* [Required action]
Return precisely the opening lines of the listing below, ending with the line that contains "a výše již snadný hřebínek A,B.".
• • • • • • •
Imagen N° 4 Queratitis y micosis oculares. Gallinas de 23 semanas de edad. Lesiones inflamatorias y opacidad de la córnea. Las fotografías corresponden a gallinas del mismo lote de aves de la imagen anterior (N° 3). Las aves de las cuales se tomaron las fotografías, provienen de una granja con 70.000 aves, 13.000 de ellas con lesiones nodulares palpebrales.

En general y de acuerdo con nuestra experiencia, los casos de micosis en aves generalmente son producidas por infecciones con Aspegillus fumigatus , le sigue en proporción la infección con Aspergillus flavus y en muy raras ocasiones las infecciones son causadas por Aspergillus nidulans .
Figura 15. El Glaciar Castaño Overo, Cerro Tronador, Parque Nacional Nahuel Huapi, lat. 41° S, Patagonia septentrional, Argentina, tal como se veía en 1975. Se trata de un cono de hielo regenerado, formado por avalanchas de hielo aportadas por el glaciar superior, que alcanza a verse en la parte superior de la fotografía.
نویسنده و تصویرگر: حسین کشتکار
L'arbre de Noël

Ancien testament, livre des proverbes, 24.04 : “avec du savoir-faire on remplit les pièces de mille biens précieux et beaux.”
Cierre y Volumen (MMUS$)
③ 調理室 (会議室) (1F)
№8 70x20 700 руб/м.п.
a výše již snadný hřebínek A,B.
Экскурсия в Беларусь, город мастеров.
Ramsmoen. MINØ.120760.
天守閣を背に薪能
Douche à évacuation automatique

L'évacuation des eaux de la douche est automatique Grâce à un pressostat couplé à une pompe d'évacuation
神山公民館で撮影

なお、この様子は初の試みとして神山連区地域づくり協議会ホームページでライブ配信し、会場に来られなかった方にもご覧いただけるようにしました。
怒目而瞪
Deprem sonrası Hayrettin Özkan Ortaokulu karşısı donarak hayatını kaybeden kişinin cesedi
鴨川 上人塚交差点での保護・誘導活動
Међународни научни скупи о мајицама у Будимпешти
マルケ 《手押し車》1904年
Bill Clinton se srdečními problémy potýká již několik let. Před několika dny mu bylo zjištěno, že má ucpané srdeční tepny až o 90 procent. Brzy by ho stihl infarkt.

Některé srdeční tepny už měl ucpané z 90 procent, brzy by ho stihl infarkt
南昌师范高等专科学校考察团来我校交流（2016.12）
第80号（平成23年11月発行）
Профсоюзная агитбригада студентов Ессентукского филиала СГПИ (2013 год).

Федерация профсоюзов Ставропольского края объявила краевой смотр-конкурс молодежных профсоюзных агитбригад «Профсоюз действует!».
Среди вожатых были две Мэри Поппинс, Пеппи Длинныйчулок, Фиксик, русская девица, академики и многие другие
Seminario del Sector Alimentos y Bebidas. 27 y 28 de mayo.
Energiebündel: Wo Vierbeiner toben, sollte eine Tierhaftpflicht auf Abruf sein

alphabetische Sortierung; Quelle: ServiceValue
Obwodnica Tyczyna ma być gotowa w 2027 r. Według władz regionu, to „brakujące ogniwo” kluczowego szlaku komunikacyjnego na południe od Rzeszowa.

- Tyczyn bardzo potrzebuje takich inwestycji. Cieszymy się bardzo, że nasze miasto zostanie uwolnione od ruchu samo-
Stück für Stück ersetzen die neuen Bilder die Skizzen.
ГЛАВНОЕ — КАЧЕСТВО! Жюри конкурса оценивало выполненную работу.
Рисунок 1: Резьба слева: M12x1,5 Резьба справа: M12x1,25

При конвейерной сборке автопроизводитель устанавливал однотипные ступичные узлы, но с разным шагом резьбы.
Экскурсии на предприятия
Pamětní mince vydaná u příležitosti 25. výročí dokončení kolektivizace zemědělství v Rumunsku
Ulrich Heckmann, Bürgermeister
• • • • • • •
* [Solution to this problem]
Imagen N° 4 Queratitis y micosis oculares. Gallinas de 23 semanas de edad. Lesiones inflamatorias y opacidad de la córnea. Las fotografías corresponden a gallinas del mismo lote de aves de la imagen anterior (N° 3). Las aves de las cuales se tomaron las fotografías, provienen de una granja con 70.000 aves, 13.000 de ellas con lesiones nodulares palpebrales.

En general y de acuerdo con nuestra experiencia, los casos de micosis en aves generalmente son producidas por infecciones con Aspegillus fumigatus , le sigue en proporción la infección con Aspergillus flavus y en muy raras ocasiones las infecciones son causadas por Aspergillus nidulans .
Figura 15. El Glaciar Castaño Overo, Cerro Tronador, Parque Nacional Nahuel Huapi, lat. 41° S, Patagonia septentrional, Argentina, tal como se veía en 1975. Se trata de un cono de hielo regenerado, formado por avalanchas de hielo aportadas por el glaciar superior, que alcanza a verse en la parte superior de la fotografía.
نویسنده و تصویرگر: حسین کشتکار
L'arbre de Noël

Ancien testament, livre des proverbes, 24.04 : “avec du savoir-faire on remplit les pièces de mille biens précieux et beaux.”
Cierre y Volumen (MMUS$)
③ 調理室 (会議室) (1F)
№8 70x20 700 руб/м.п.
a výše již snadný hřebínek A,B.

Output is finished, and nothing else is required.